Camille est une combattante, une militante de la liberté, qui ne fait jamais preuve d'égoisme. Camille est vraiment amour. Son destin cruel nous touche d'autant plus. Environ 50 000  à 60 000 enfants seraient victimes des conséquences des dérives sectaires, chaque année, en France. 

Il s'agit donc d'un sujet d'actualité, jamais traité au cinéma, sur lequel on dispose de peu d'informations. C'est l'une des raisons principales pour lesquelles ce film est à voir, indépendamment de la qualité dramaturgique de l'histoire.

UNE INTENSITE DRAMATIQUE PROGRESSIVE ET INTELLIGENTE

La force de caractère de Camille force le respect. Sa solitude émeut. Seule la vraie vie peut donner une matière aussi âpre, fournir l'inspiration à un scénario aussi puissant dont l'intensité dramatique monte crescendo, comme si les scénaristes nous préparaient psychologiquement.

Cette façon de faire est néanmoins très intelligente car l'histoire prend le temps de s'installer, de dérouler le fil de son argumentation. Le résultat est à la fois émouvant et didactique. Jamais cependant la réalisation ne glisse dans le pathétique.

Cette progression dramatique suit également le processus d'embrigadement progressif de la famille. Cela confère une grande force à l'écriture du scénario que l'actrice a cosigné, à quatre mains, avec Nicolas Sihol, le réalisateur du thriller Corporate.

Le film n'est pas à charge, absolument pas anti-religion. Il fonctionne comme une exposition des faits, au service d'une démonstration qui laisse le spectateur se faire sa propre opinion, tirer ses propres conclusions et c'est en ne forçant pas notre jugement qu'il acquiert notre adhésion totale. De façon intelligente, le film fait appel à notre libre arbitre, ce dont ne disposent plus les personnes embrigadées. Le film nous offre la liberté volée aux membres de la secte.

DES ACTEURS TALENTUEUX

Jean-Pierre Darroussin dans Les Eblouis de Sarah Suco, copyright Pyramide Films

Jean-Pierre Darroussin en prêtre gourou est juste parfait. Tour à tour bonhomme, bienveillant et menaçant, complétement fou, il est crédible dans ce rôle antipathique.

Face à lui, Camille Cottin, en mère de famille perdue, en grande souffrance, réussit à insufler de l'humanité au personnage de Christine, mère maltraitante pour laquelle on n'éprouve cependant, au final, que très peu de compassion.

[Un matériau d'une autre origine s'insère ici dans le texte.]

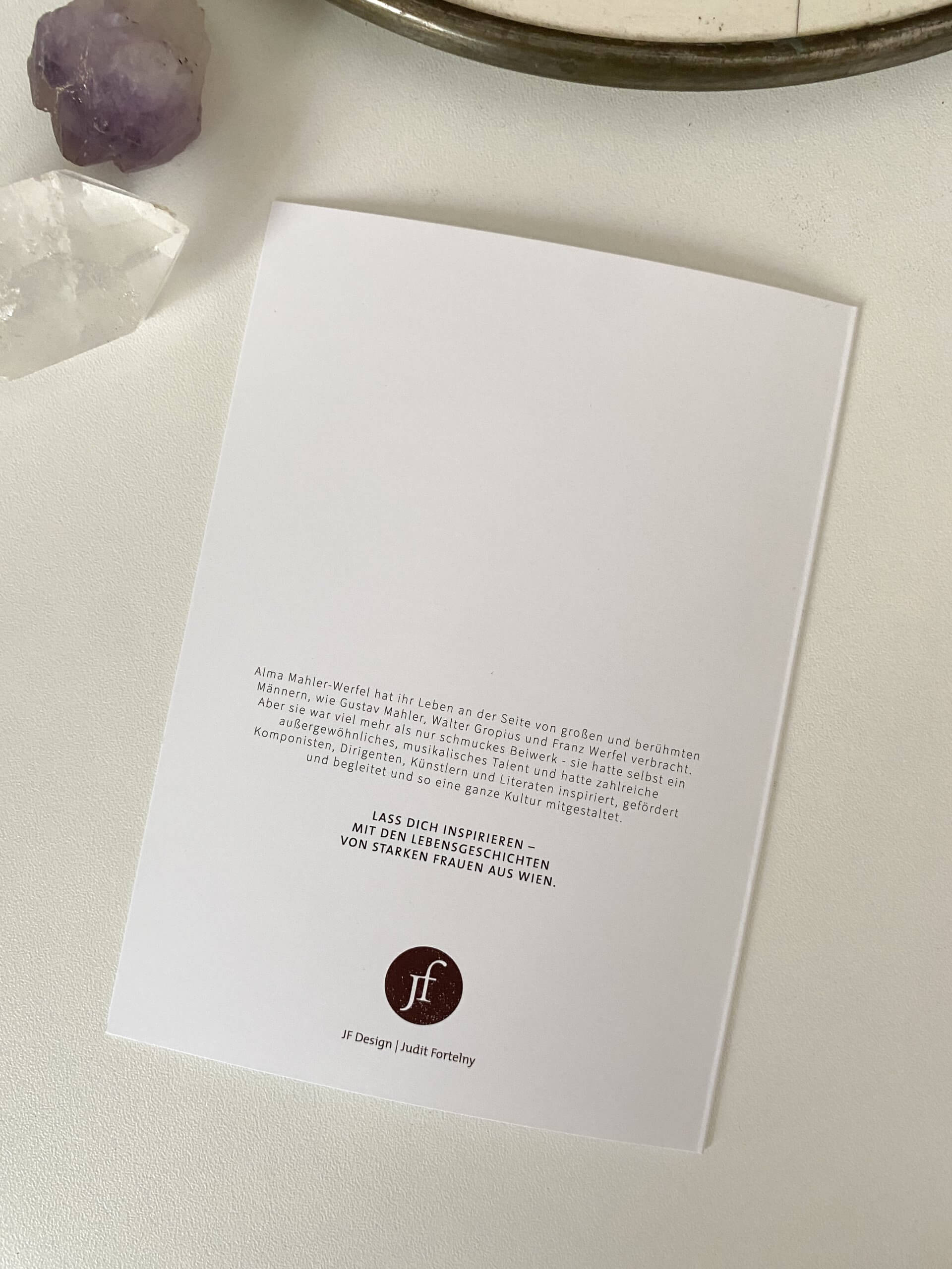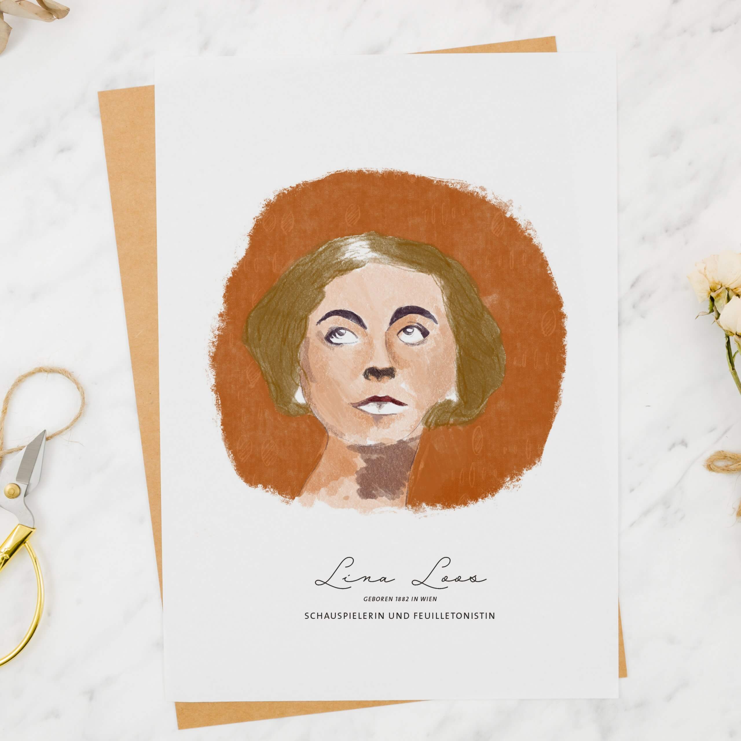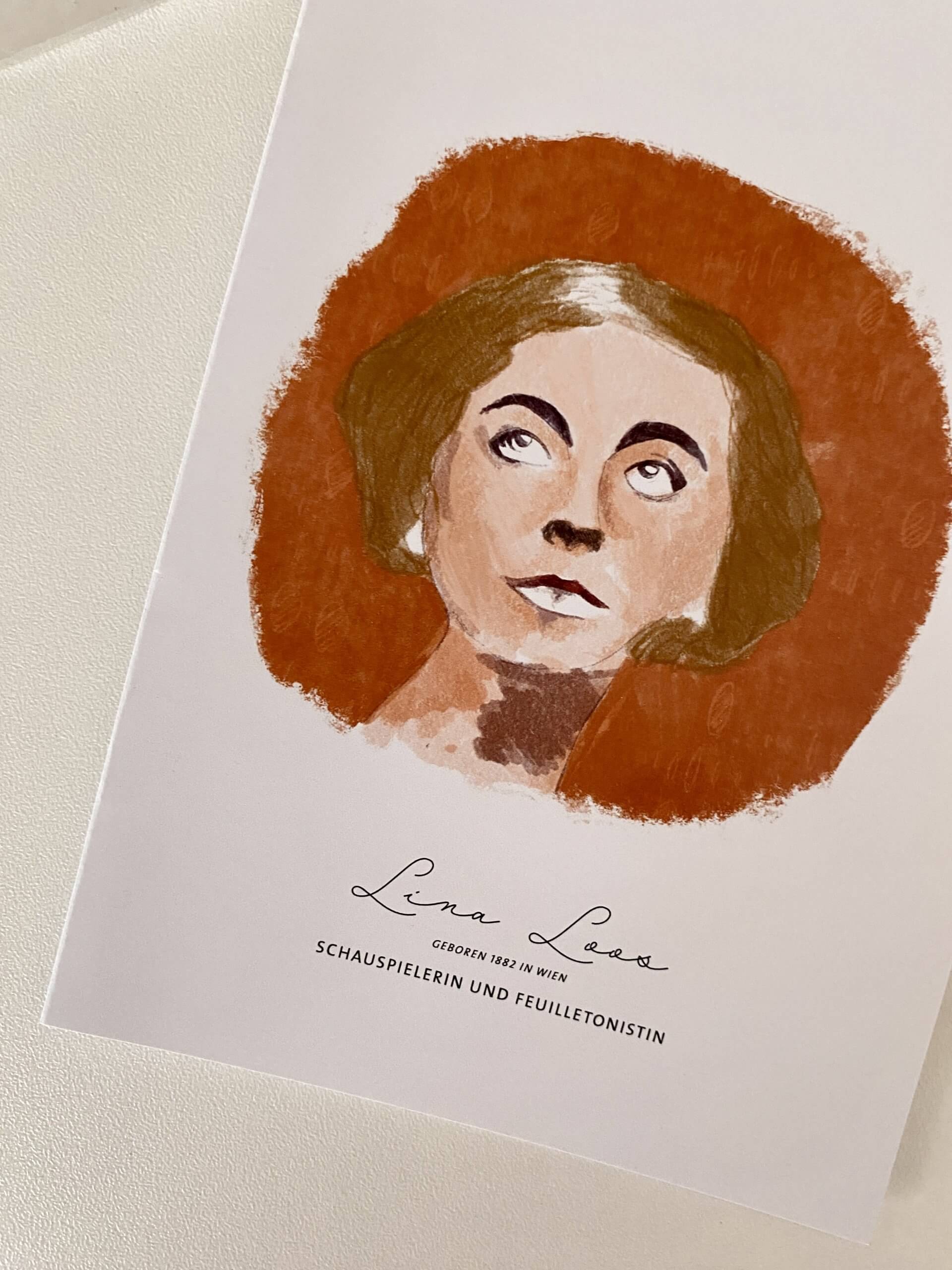 Lass dich von den Geschichten von starken Wiener Frauen inspirieren! Diese Karte zeigt ein Portrait der Schauspielerin und Feuilletonistin Lina Loos – ihre bemerkenswerte und inspirierende Lebensgeschichte ist auf der Rückseite abgedruckt.

Le père, interprété avec justesse par Eric Caravaca est d'une lâcheté désolante. Heureusement qu'une autre figure masculine, rassurante, celle de Boris, interprété avec conviction par Spencer Bogaert, émerge dans l'existence de Camille.

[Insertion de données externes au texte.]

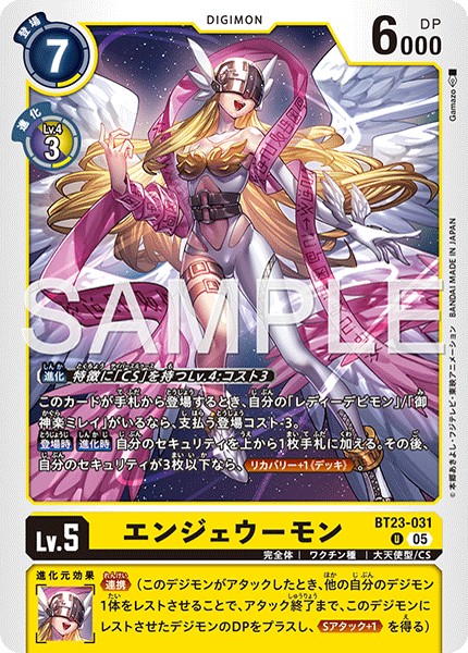 Lv.5 エンジェウーモン BT23-031 U 完全体 | ワクチン種 | 大天使型/CS このカードが手札から登場するとき、自分の「レディーデビモン」/「御神楽ミレイ」がいるなら、支払う登場コスト-3。 【登場時】【進化時】自分のセキュリティを上から1枚手札に加える。その後、自分のセキュリティが3枚以下なら、≪リカバリー+1《デッキ》≫。 --- ≪連携≫(このデジモンがアタックしたとき、他の自分のデジモン1体をレストさせることで、アタック終了まで、このデジモンにレストさせたデジモンのDPをプラスし、≪Sアタック+1≫を得る)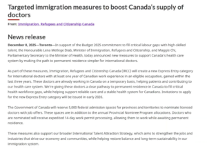 · 针对医生的新通道:IRCC已宣布将于2026年初启动全新的“有加拿大工作经验的医生”类别。该类别要求申请人在过去三年内,在加拿大特定的医生职位上有至少一年的全职工作经验。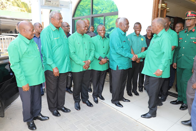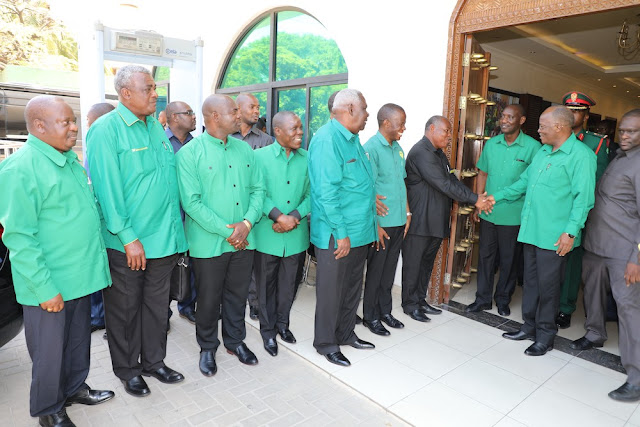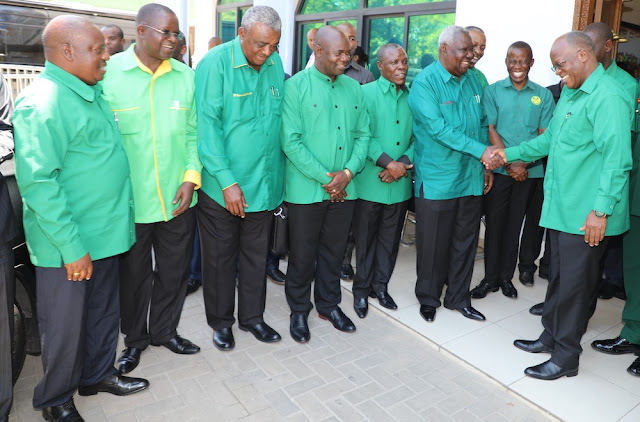 Mwenyekiti wa Chama Cha Mapinduzi na Rais wa Jamhuri ya Muungano wa Tanzania Dkt. John Pombe Magufuli akiagana na wajumbe wa Kamati Kuu ya Halmashauri Kuu ya CCM baada ya kikao kilichofanyika Ofisi ndogo za Chama hicho mtaa wa Lumumba jijini Dar es salaam leo Oktoba 30, 2019. PICHA NA IKULU

Céleste Brunnquell dans Les Eblouis de Sarah Suco, Copyright Pyramide Films

Il convient de saluer la performance excellente de l'actrice Céleste Brunnquell. Quasiment de tous les plans, la jeune fille irradie la pellicule. L'actrice interprète avec talent des scènes difficiles, très dures psychologiquement sans se départir d'une grande justesse et d'une stabilité rares. Elle incarne vraiment son personnage, elle joue vrai. En lice pour la Révélation des Césars 2020, la jeune actrice tourne actuellement, sous la direction du réalisateur Pierre Salvadori,  une série à destination d'ARTE. Nul doute qu'une belle carrière s'annonce. Sans jeu de mots, elle est éblouissante dans Les Eblouis

UN FILM PRIME A DE NOMBREUSES REPRISES

Les Eblouis a d'ors et déjà reçu de nombreux prix, dont :

- le Prix « Cinéma 2019 » de la Fondation Barrière

- le Prix « Célestine 2019 » du festival du film français
d'Helvétie

- le Prix du meilleur film lors de la 17e édition du
festival italien Alice nella città 
de Rome. 

- La Salamandre d'Or et prix d'interprétation féminine
pour Céleste Brunnquell au 28e festival du film de Sarlat.

LES EBLOUIS est un film à voir, en cette période où de nombreux films sortent en salles, c'est une valeur sûre, un bijou d'émotion empreint d'utilité sociale, allez-y, vous ne le regretterez pas !

Les Eblouis, de Sarah Suco, 99 minutes, avec Céleste Brunnquell, Jean-Pierre Darroussin, Eric Caravaca, Camille Cottin.